Early in his career Roman was a political consultant in his home state of Pennsylvania and in New Jersey. He worked for State Representative John Perzel and ran the 56th Ward in Northeast Philadelphia for him until Perzel was indicted and later went to prison . He was director of Election Day operations at the Republican National Committee. He has been employed by the presidential campaigns of George W. Bush, Rudy Giuliani, and John McCain. Roman also served as chief of staff to former Illinois Congressman Bobby Schilling.

Roman was a senior advisor on the 2016 Trump campaign as the campaign's chief poll watcher.

Prior to joining the Trump presidential campaign, Roman headed up an intelligence gathering operation for Charles and David Koch, industrialists and high-profile Republican donors. The now-defunct office surveilled and gathered intelligence on liberal opponents of conservative policies.

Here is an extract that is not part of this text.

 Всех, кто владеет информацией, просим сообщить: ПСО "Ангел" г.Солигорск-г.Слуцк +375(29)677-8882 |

Roman describes his blog Election Journal as dedicated to "fraud, cheating, dirty tricks, absurdity and other election news." According to Richard L. Hasen, Chancellor's Professor of Law and Political Science at the University of California, Irvine, the blog appears to focus, "only on incidents favoring Republican's claims against Democrats". During the 2008 presidential election, Election Monitoring, combined GoogleMaps, with Twitter, Flickr and YouTube to enable voters and poll watchers to post what they saw as instances of voter disenfranchisement and election fraud in a real time, online map. One scholar, while recognizing the non-verifiable nature of this approach, asserted that it "opens up new potential for election monitoring that addresses some of the limitations that established and official (election monitoring organizations) face".

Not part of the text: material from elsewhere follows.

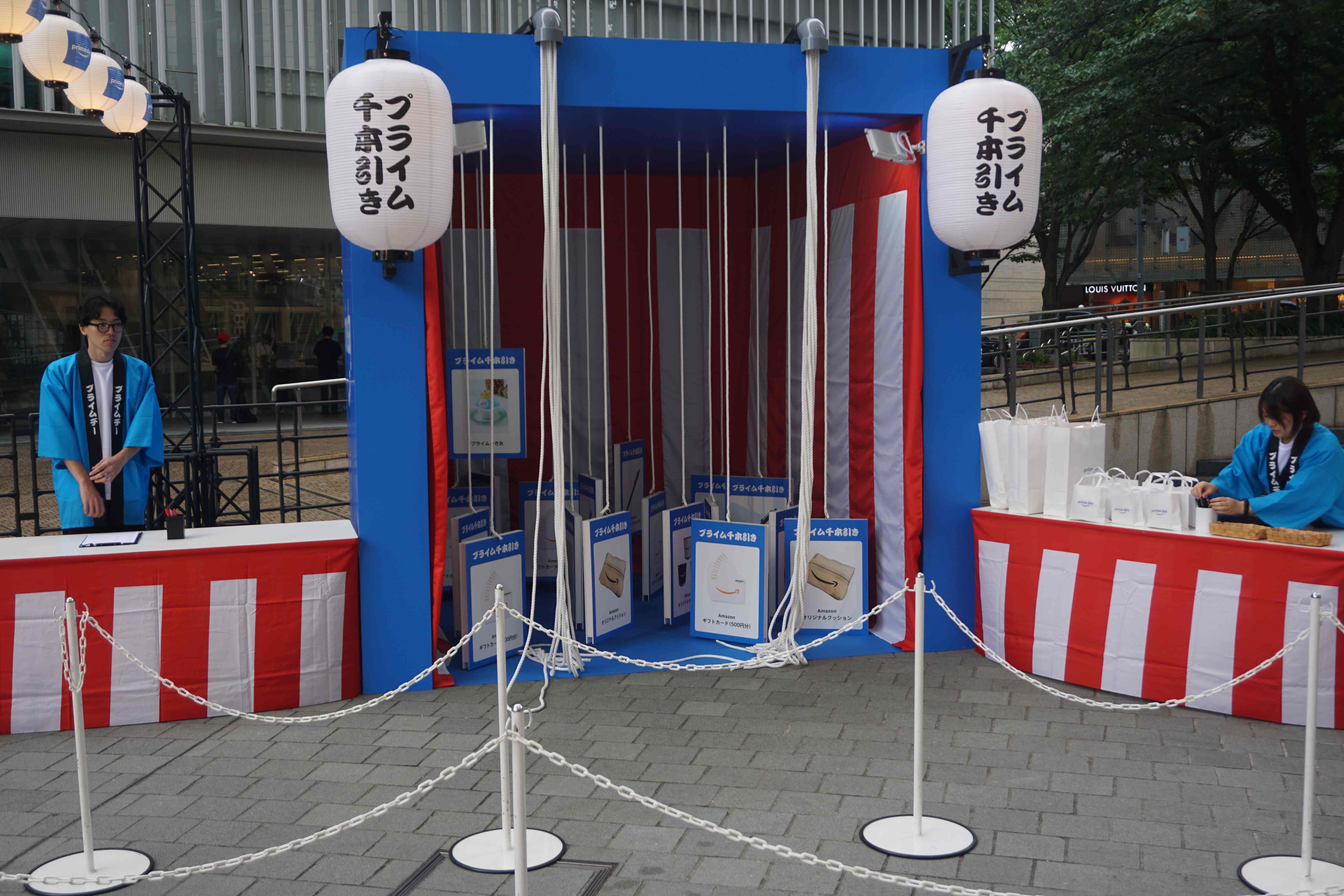 賞品は「500円分のAmazonギフト券」のほか、オリジナルのクッションやタンブラー、アマゾンのプライベートブランドのボールペン、また、縁日にちなんで会場の露店で提供されるアマゾンが展開中の生鮮食品などのECサービス「アマゾンフレッシュ」で販売するバナナを使った「プライムデー」のロゴが入ったマショマロをあしらった青く着色されたチョコバナナやかき氷から1つを贈与する。紐を引くことで反対側についた賞品のパネルが引っ張りあがる大型くじ引き「プライム千本引き」で賞品が決定する。

After Trump's inauguration, Roman was appointed to a position in the White House as Special Assistant to the President and Director of Special Projects and Research. Politico described it as "a vague title that reveals almost nothing." His appointment drew attention at the time because in previous administrations it was unusual for opposition researchers to work directly for the White House—they would typically remain employed by the campaign or the presidential transition team. Roman ultimately left the White House in April 2018.